Please write out exactly the lines of the data below from the line holding "Phong độ Man City vs Brighton" through the line holding "SERVICE (for your", and leave out the rest.

[[ Material provided, beginning ]]

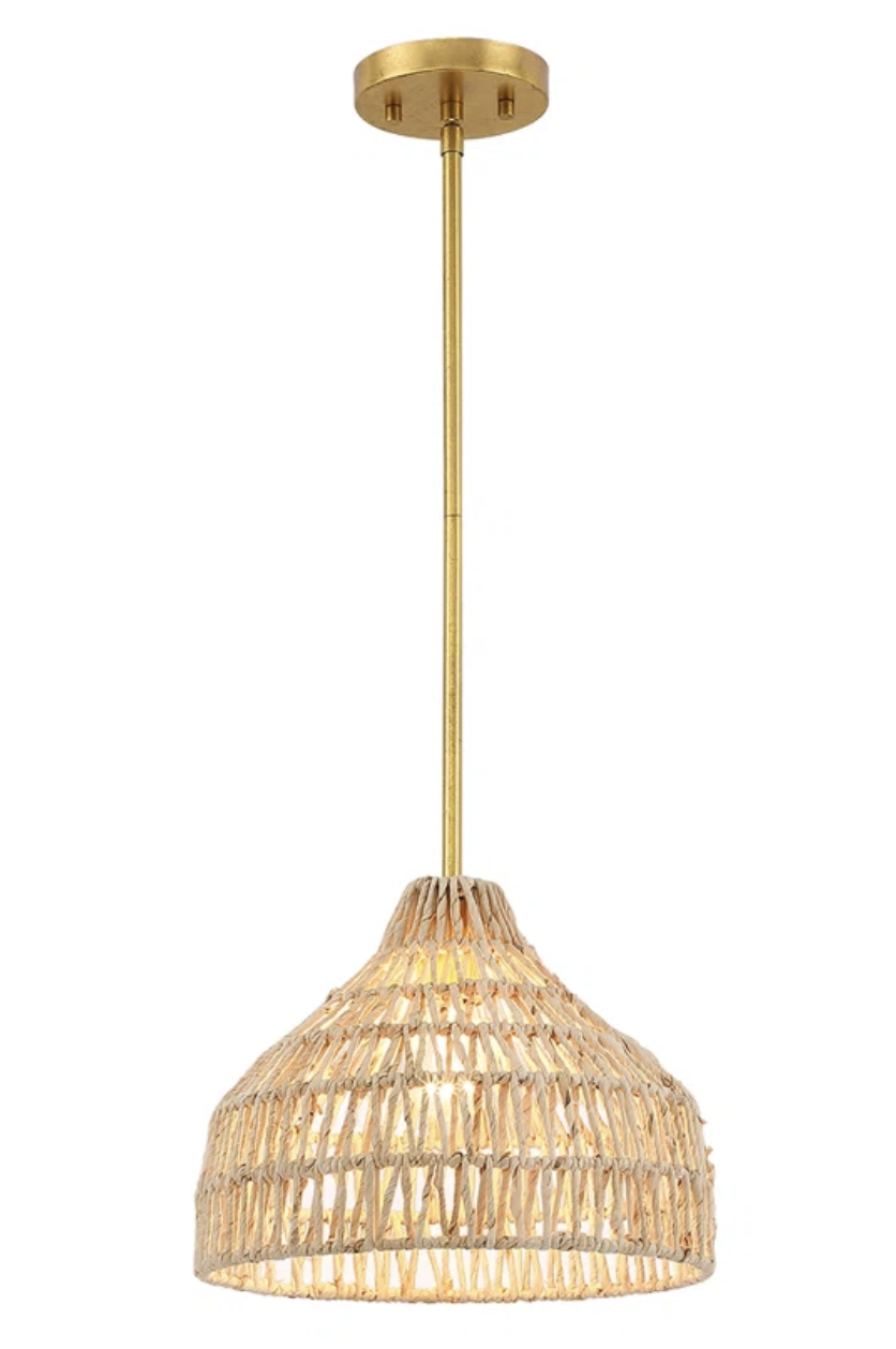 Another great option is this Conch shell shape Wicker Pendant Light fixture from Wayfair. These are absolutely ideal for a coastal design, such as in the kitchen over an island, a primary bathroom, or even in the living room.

[[ Material provided, end ]]
[[ Material provided, beginning ]]

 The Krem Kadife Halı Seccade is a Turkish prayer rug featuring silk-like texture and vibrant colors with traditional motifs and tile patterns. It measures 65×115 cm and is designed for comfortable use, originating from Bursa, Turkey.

[[ Material provided, end ]]
[[ Material provided, beginning ]]

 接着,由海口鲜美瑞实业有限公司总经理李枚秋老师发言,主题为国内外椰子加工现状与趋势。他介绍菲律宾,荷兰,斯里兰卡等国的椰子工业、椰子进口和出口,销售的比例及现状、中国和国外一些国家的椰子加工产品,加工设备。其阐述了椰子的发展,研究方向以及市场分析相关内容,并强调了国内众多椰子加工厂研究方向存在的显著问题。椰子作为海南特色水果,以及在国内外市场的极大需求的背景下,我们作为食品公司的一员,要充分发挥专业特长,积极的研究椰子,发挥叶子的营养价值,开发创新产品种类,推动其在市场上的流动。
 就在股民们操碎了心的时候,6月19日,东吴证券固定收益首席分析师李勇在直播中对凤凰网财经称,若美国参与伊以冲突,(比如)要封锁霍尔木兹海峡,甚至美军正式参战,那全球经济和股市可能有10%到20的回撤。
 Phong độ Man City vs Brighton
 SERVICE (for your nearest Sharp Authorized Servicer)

[[ Material provided, end ]]

Solution to this exercise:
 Phong độ Man City vs Brighton
 SERVICE (for your nearest Sharp Authorized Servicer)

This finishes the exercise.